The masses have never thirsted after truth. Whoever can supply them with illusions is easily their master; whoever attempts to destroy their illusions is always their victim.
      – Gustave Le Bon (1841 – 1931)

A sad truth politicians, government functionaries, con men, the media, and psychopaths (but I repeat myself) depend on. As a teacher, I have lost count of the number of times I’ve heard “will this be on the test?” from “smart” students who do well in school but are destined to do poorly in life because they do not hunger to truth or reality, but diplomas and accolades. They are fundamentally lazy and incurious. They are confused enough they think knowledge and diplomas are the same thing. It’s the sort of person that believes the story ends when the Disney Princess gets married, and Prince Charming will always come back from the war (or tavern, or brothel, or…).

Related to this:

People are not addicted to drugs or alcohol, they are addicted to escaping reality.
     – Unknown

The desire of people to avoid hard truth is impressive, and politicians pander to this fact every day. When your perception of reality and yourself are positive, the desire to escape is low. When reality is horrible, the desire to escape is huge…. Makes you wonder about the reality of Hollywood and political elites when you look at the number of them who have to enter rehab.

The Advocate, a magazine which once praised me as a ‘gay innovator,’ even published an article saying that as of now I am, and I quote, ‘not a gay man,’ because I don’t agree with their politics. The lie behind the buzzword of ‘diversity’ could not be made more clear: If you don’t conform, then you don’t count as ‘diverse,’ no matter what your personal background.
     – Peter Thiel

And the left excels in obfuscating the truth. In their calls for diversity, they enforce (leftist) conformity. In their calls for tolerance they impose numerous zero-tolerance policies. if you agree with them and stay “on the reservation” in your political thought, every crime will be forgiven, but if you stray then every action is unforgivable.

4 thoughts on “QOTD

  1. I would suggest a good answer to “will this be on the test” is “yes” — always. That will force them to recognize that things can change, and your expectations are not always valid in the end. Or, if you dislike being bitched at afterwards (“you said it would be on the test, waaahhhh”) you could make it “probably yes”.
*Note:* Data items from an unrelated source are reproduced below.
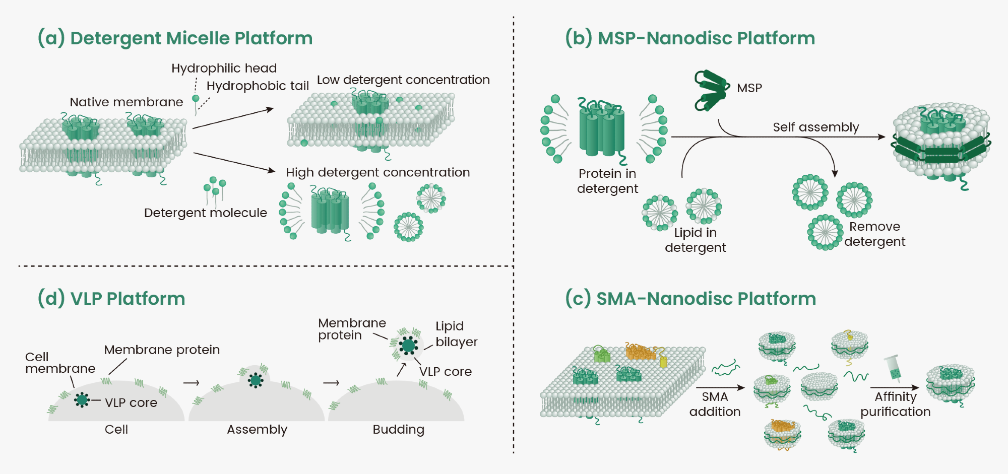 Figure 1. Schematic diagram of detergent, nanodisc, and VLP platforms. Image Credit: Sino Biological Inc.
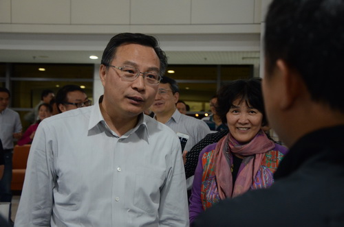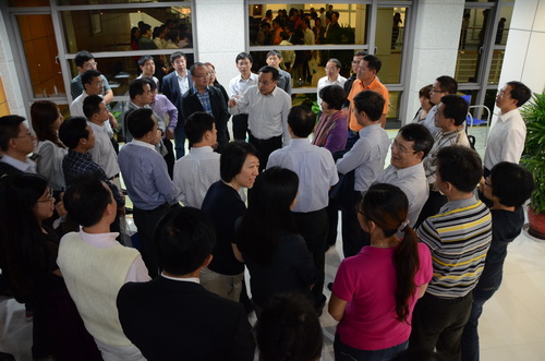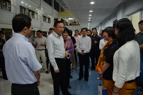 11月2日晚8点40分,财政部党组成员、部长助理余蔚平刚下飞机就来到学院教学楼看望了正在进行分组讨论的全体集训学员。学员们听说余助理来了,纷纷走出教室,站在楼梯和走廊上,欢迎余助理到来。余助理一边走一边向两边学员询问参加领军项目大家有什么收获,对这个项目有什么建议,对当前会计热点有什么看法。学员们与余助理面对面交流,近距离聆听教诲,深深感受到了余助理对我国会计事业的满腔热爱,深切体会到余助理对全国领军人才的亲切关怀和殷切希望。
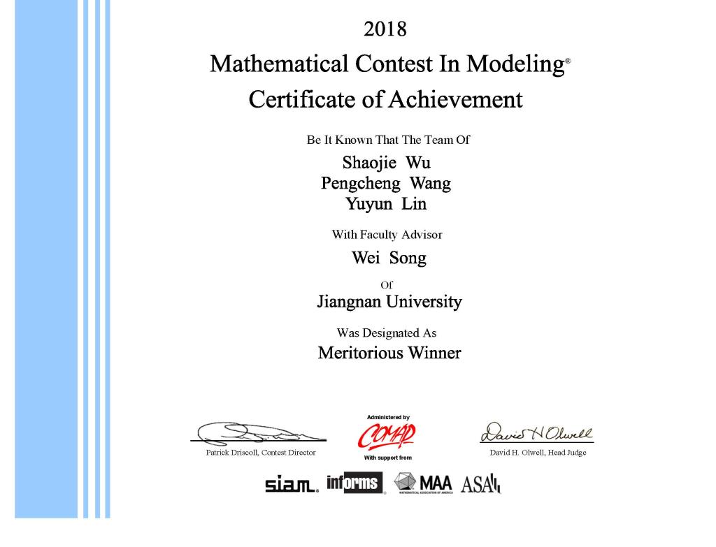 日前,2018年美国(国际)老员工数学建模竞赛奖项揭晓,williamhill学子再创佳绩。共有两支团队荣获一等奖,分别是2016级本科生吴少杰、王鹏程、林钰芸团队和2014级本科生郑年年、应镕嵘、王天歌团队,另有三支团队获二等奖。
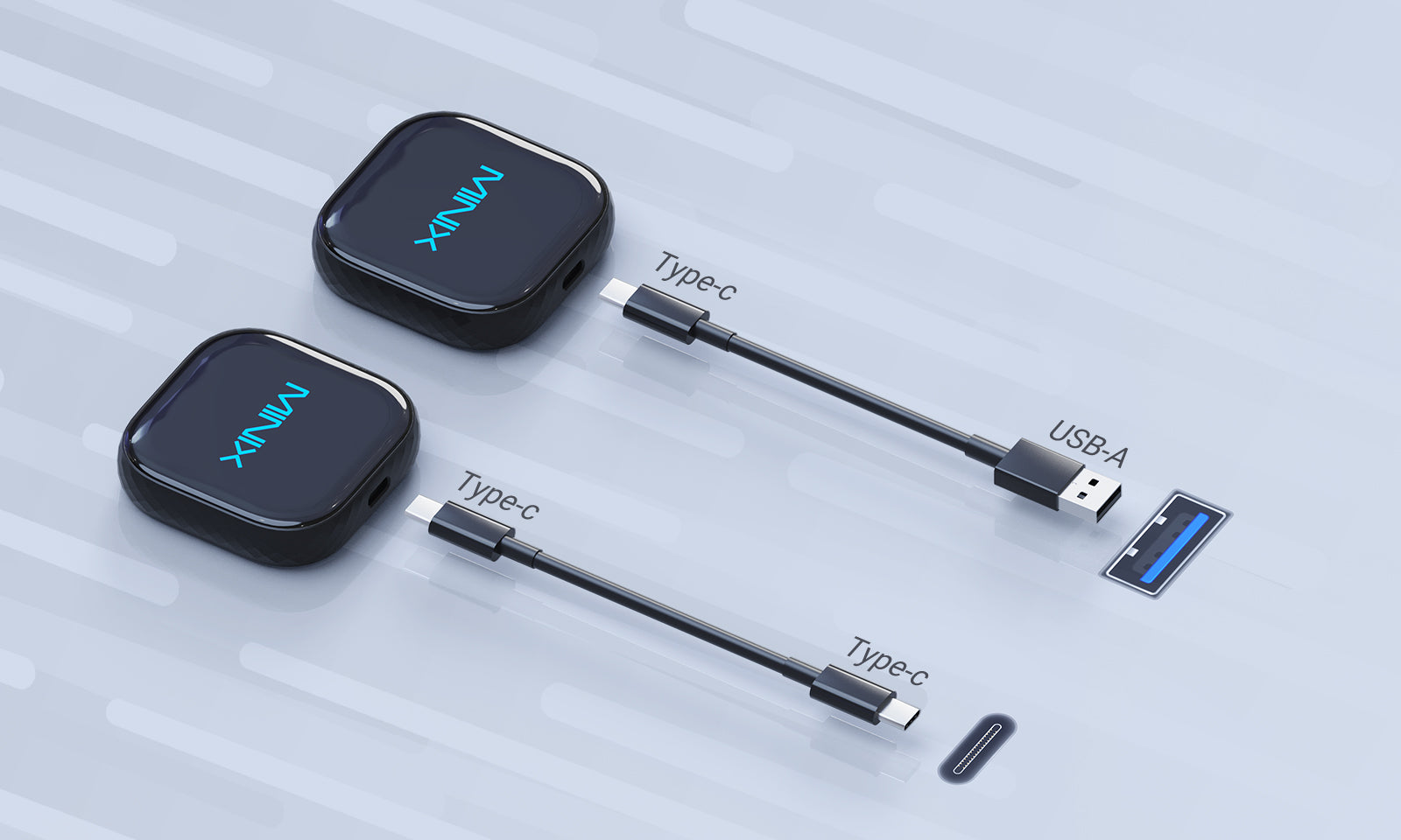Der Minix CP85 unterstützt sowohl CarPlay- als auch Android Auto-Systeme mit USB-A- oder USB-C-Anschlüssen. Er wird mit zwei verschiedenen Kabeln geliefert, die eine nahtlose Integration und Kompatibilität mit einer Vielzahl von Geräten gewährleisten.

    • I’d hand out a sheet or syllabus at the beginning of the term that explicitly says, “Assume all material covered in class could appear on a quiz or exam. Asking, ‘Will this be on the test?’ indicates that the student is not willing to pay attention and/or learn the material, and will result in losing the discussion/attendance credit for that day.”

      Basically, a student asking “Will this be on the test?” is looking for a shortcut — an excuse to be intellectually lazy — but there are no shortcuts to knowledge or understanding.

      • The last school I taught at explicitly disallowed that. They used “standards-based grading,” which does have some good points. It essentially said “here is the standard you will be graded against” and that rubric is the entirety of the grade. It’s clear, and simple. It also means that things like plagiarism, because they are not an official part of the “math” or “science” curricula, was not punishable by anything in their grade. They must be given a chance to do it over (potentially for full credit) and the punishment for plagiarism must be non-academic. It meant that late work couldn’t be marked down, because the standards we were given to use didn’t have anything about being “on time” because that isn’t a “math” or a “science” thing.

        Yeah…. my jaw hit the floor too when I first heard it, too.

        • I don’t think “school” is the correct label for an organization like that. “Scam” would be more accurate.